Re: Markup for Language (was: Re: Exemplifying apostrophes)

From: Douglas Davidson (ddavidso@apple.com)
Date: Wed May 28 2008 - 12:06:11 CDT

  • Next message: Lorna_Priest@sil.org: "Re: Glottal stop languages"

    On May 28, 2008, at 4:48 AM, Behnam wrote:

    > Right now, on my text editor, I right click and select the
    > directionality of the paragraph. That's what I did on that picture
    > at the end (which shouldn't be confused with right alignment). This
    > doesn't go to the higher level and higher level shouldn't change
    > that (which unfortunately is not always the case).

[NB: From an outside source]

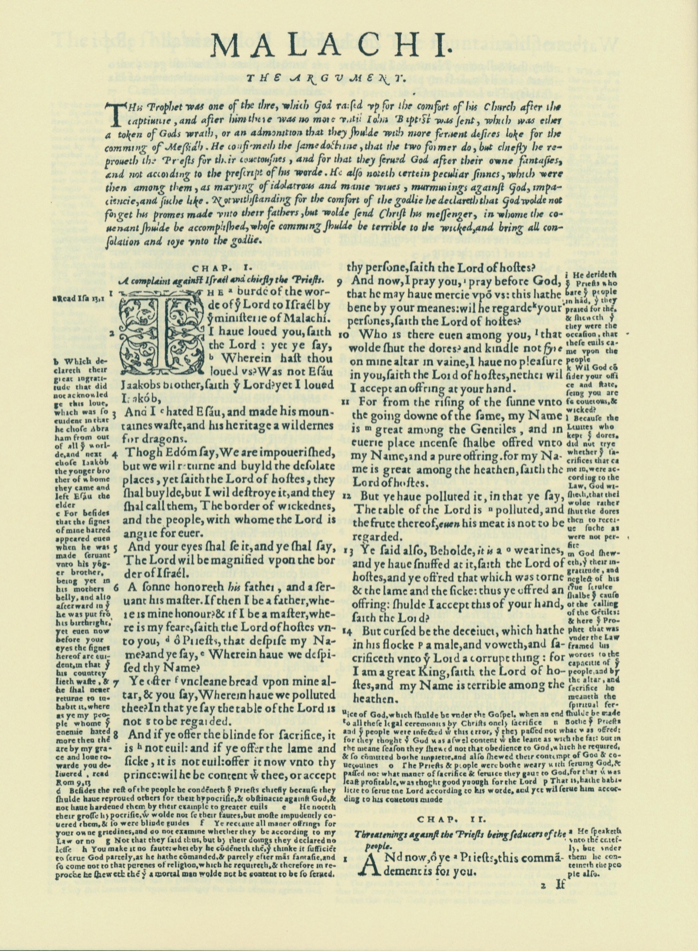 1560年THE BIBLE AND HOLY SCRIPTURES 瑪拉基書 1 章 1 節到 2 章 1 節

    As it happens, the paragraph directionality in the case you mentioned
    is handled by a higher-level protocol. Your picture shows a rich-text
    document, for which the paragraph directionality is a feature of the
    paragraph style; its embodiment in a document varies with the format,
    but in the case of RTF it would use the \rtlpar control word to
    indicate RTL paragraphs, while for HTML it would use a dir="rtl"
    attribute.

    The alternative mechanism for representing this in plain text would be
    to insert a bidirectional control character, either RLM or LRM, at the
    beginning of each directionally marked paragraph. These characters
    are not specifically marks of paragraph base writing directionality,
    but their presence at the beginning of a paragraph would be sufficient
    to indicate it. However, this is not the mechanism currently used in
    the case you mention.

    There are a number of reasons why the insertion of invisible control
    characters is an awkward solution for editing. Great care would need
    to be taken, for example, to make sure that control characters would
    not be accidentally deleted, or copied and pasted to inappropriate
    places. On the other hand, they would need to be carefully preserved
    in certain cases of copying, for example to make sure that copying an
    entire paragraph would preserve its directionality. These
    considerations would be especially important for control characters
    that appear in beginning and ending pairs. A "show invisibles" mode
    would probably be needed, just to assure sophisticated users that the
    control characters were properly positioned, but it would be likely to
    confuse the less sophisticated.

    Higher-level protocols, by contrast, are well suited to the needs of
    editing. They can naturally associate attributes with ranges of text,
    just as they do for style attributes such as fonts, underlines, and so
    forth. The problems of insertion, deletion, copying and pasting, and
    so forth are much more tractable. In general, higher-level protocols
    are more naturally expressive of the user's intent; in computer
    science terms, they separate controls from data, with the underlying
    Unicode character stream representing the data and the higher-level
    protocols representing the control information.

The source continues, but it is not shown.